Cultures plurielles et littérature de jeunesse

Communication donnée lors des journées organisées par le CRILJ et le Laboratoire Jeux et Jouets de l’Université Paris-Nord les 19 et 20 septembre 1991.

     Avant d’aborder le thème du « multiculturalisme » dans l’édition pour la jeunesse, laissez-moi vous dire toute mon inquiétude sur le « multiculturalisme » en général (et d’ailleurs sur le « culturel » tout court).

    Les mots « multiculturel » ou « pluriculturel » sonnent bien et donnent souvent lieu à de très beaux discours. Quand à savoir ce qu’ils recouvrent concrètement, dans la réalité de tous les jours, c’est une autre affaire…

    Si est « multiculturel » tout ce qui favorise un dialogue vrai avec l’autre, avec l’étranger, celui qui parle une autre langue, qui a peut-être une autre écriture, une autre religion, d’autres références que les nôtres, alors je dirai que nous sommes mal partis, que notre époque pressée et superficielle n’est pas multiculturelle, et que de plus elle est menacée par deux dangers mortels et contradictoires, en Europe aujourd’hui qui sont flagrants :

    D’un côté nous assistons, navrés, au réveil des nationalismes et des intégrismes les plus étriqués tandis que dans le même temps, nous voyons s’avancer de façon insidieuse et rampante une uniformisation réductrice, sous l’hégémonie d’une culture et d’une langue dominantes dans lesquelles risquent de s’estomper peu à peu l’irremplaçable diversité des langues et des cultures. Entre l’homme éclaté, barricadé dans ses particularismes, et l’homme « unidimensionnel » la voie est étroite.

    Et malheureusement, nous sommes en Occident, paradoxalement, particulièrement désarmés devant cette double menace du fait de notre ignorance du monde qui nous entoure.

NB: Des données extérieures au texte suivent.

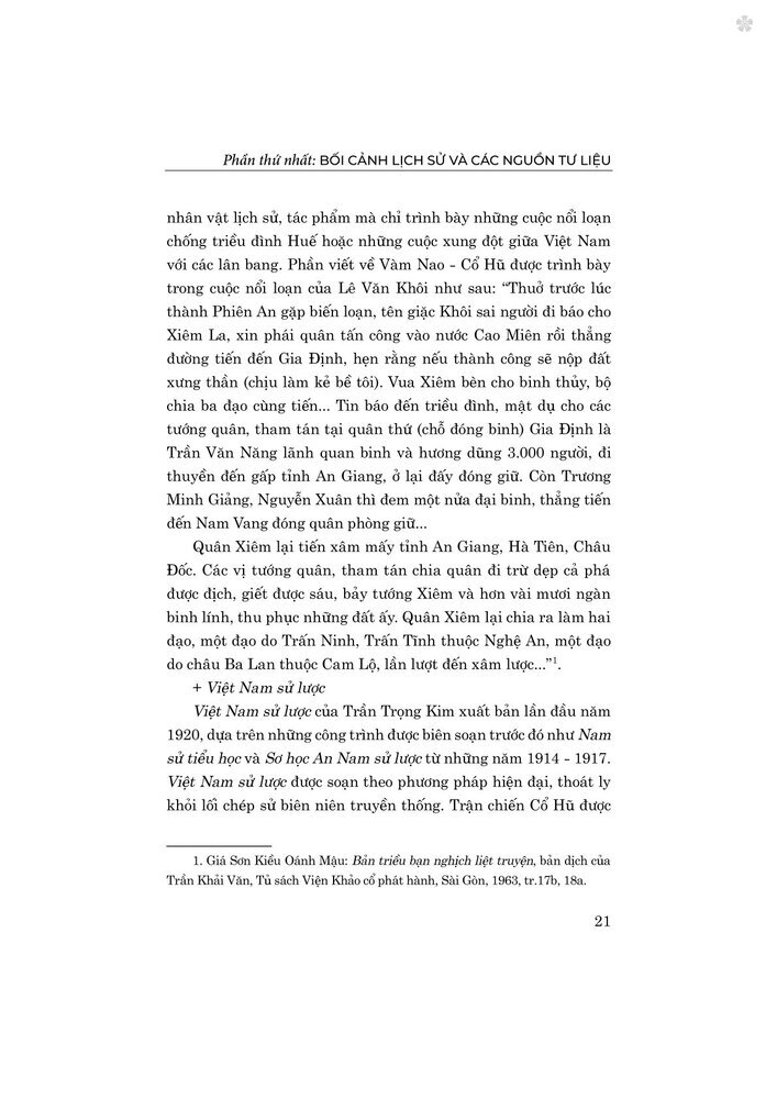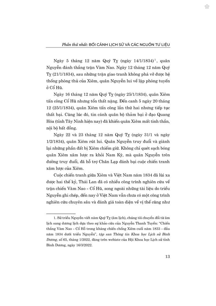 Vào nửa đầu thế kỷ XIX, trong bối cảnh khu vực Đông Nam Á có nhiều chuyển biến phức tạp, Việt Nam đã đương đầu với một cuộc chiến tranh xâm lược mới từ phía Tây của Tổ quốc. Phát huy truyền thống yêu nước đánh giặc giữ nước của dân tộc, dưới sự trị vì của vua Minh Mệnh, quân và dân Việt Nam đã tiến hành cuộc chiến tranh tự vệ, bảo vệ Tổ quốc và làm nên Chiến thắng Vàm Nao - Cổ Hũ đầu năm 1834, mở ra bước ngoặt phát triển dẫn đến kết thúc thắng lợi cuộc kháng chiến chống quân Xiêm xâm lược. Chiến thắng Vàm Nao - Cổ Hũ (1834) thực sự là một trong những chiến công lừng lẫy trong lịch sử chống ngoại xâm của dân tộc trong thế kỷ XIX.

Parce que nous voyageons librement, que nous avons des médias que nous pensons libres et pluralistes, un haut niveau de scolarisation, des universitaires persuadés d’avoir les outils d’analyse nécessaires pour comprendre et décortiquer les autres cultures, nous sommes persuadés de « savoir ». En réalité, gavés d’informations comme nous sommes gavés de nourriture, nous n’avons plus de réelle curiosité, ni d’appétit, nous ne cherchons pas vraiment la connaissance, mais seulement la spectaculaire, qui n’est que l’écume de choses.

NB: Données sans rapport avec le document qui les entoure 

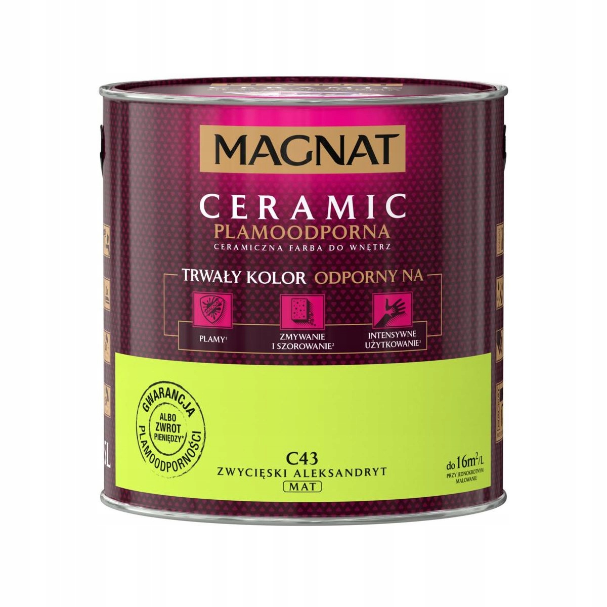 Emulsja Magnat Ceramic to ceramiczna farba trzeciej generacji marki Śnieżka. Unikalna formuła emulsji Magnat daje jej ponadprzeciętne parametry odporności na wielokrotne zmywanie i szorowanie na mokro. Do czyszczenia można używać dezynfektantów, gdyż emulsja ta jest odporna na środki czyszczące. Powierzchnie pokryte tą farbą są plamoodporne, nie absorbują zabrudzeń i trudnych plam np. z wina, kawy, ketchupu, oleju, pisaków wodnych, kredek itp.

    Il n’est pas grave d’être ignorant, on ne peut pas tout savoir, il est dramatique d’être inconscient de ses ignorances. Donc, avant de parler de « multiculturel », prenons la mesure de ces ignorances et l’unité de mesure, l’étalon infaillible, c’est tout simplement, notre désir, notre capacité ou notre incapacité à parler les langues étrangères, car la connaissance réelle d’un peuple et de sa culture passe, obligatoirement, par la connaissance de sa langue qui seule peut traduire la forme et la subtilité de sa pensée. Dialoguer par l’intermédiaire d’une langue tierce si c’est infiniment mieux que de ne pas dialoguer du tout, ne créera jamais la même richesse de relation et d’échanges.

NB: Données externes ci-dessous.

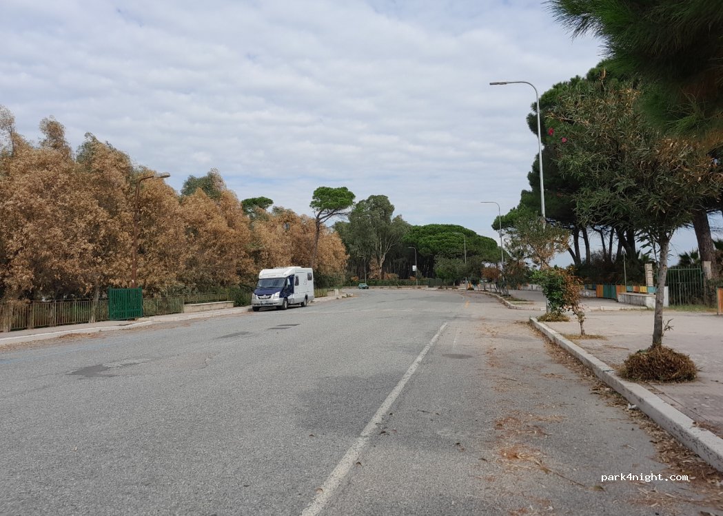 Free parking on the asphalt of the seafront, near beaches, bars. Guys rent SUP boards, canoes and more and there was a yoga meeting. We left in the evening and didn't stay overnight but I think it would have been a quiet night. There were other campers along the way that I don't think left like us. No services, easy access for all sizes. Sandy beach but in the first meters of the sea there are large stones (in the most isolated area, in front of the beaches it improves. Shoes are necessary.)

    Permettez-moi de citer ici Maurice Allais, prix Nobel d’économie. Il écrivait en 1989 :  » La langue d’un peuple représente une partie de son âme, et un stricte bilinguisme risque de « compromettre l’épanouissement de la Communauté européenne. En réalité, ce dont nous avons tous besoin, nous européens, c’est d’un « plurilinguisme, au minimum d’un trilinguisme… Si l’on veut réaliser une véritable communauté économique et la communauté politique qui la conditionne, si l’on veut réaliser un véritable humanisme européen fondé, non pas sur la domination d’une seule langue et d’une seule culture, mais sur un juste équilibre entre les différentes langues et les différentes cultures, nous nous devons de réformer fondamentalement l’enseignement dans chacun de nos pays ».

    En effet, la volonté d’un pays de véritablement jouer un rôle dans le monde contemporain, sa volonté de préparer ses enfants à avoir une place dans un avenir qui ne peut être que de plus en plus international, se mesure à la priorité qu’il donne ou ne donne pas à l’enseignement des langues dans ses programmes scolaires et à la précocité, c’est-à-dire dès la maternelle, de la sensibilisation linguistique des enfants.

    Or, jusqu’ici, pour faire face à cette internationalisation nous voyons nos pays industriels consacrer beaucoup de milliards, de temps et d’efforts à développer leurs « moyens de communication » : autoroutes, trains à grande vitesse, avions supersoniques, télécommunications, etc. Mais, faut-il rappeler qu’en français, le mot « communication » a deux sens ? Il y a « les communications – transports », avec les « moyens de communication » dont nous venons de parler, et puis il y a « la communication-dialogue ». Car « communiquer » c’est aussi parler, échanger des idées, des rêves, des projets, des expériences, et il est fondamental de pouvoir le faire aussi avec l’autre, avec l’étranger, grâce à ces « outils de communication » que sont les langues. Là, malheureusement, nous ne voyons ni milliards, ni efforts particuliers consacrés dans nos écoles, ni peut-être dans nos éditions pour la jeunesse, à la sensibilisation, puis à la maîtrise des langues étrangères, à la connaissance sérieuse et approfondie des autres cultures, comme si, aux défis de notre temps nous n’avions plus que des réponses techniques, comme si nous faisions de moins en moins appel aux capacités humaines. Certes, le monde a besoin d’un outil collectif de communication, et l’anglais joue aujourd’hui parfaitement ce rôle, mais le monde a aussi un ardent besoin de préserver ses diversités culturelles, condition absolue de sa richesse et de son dynamisme.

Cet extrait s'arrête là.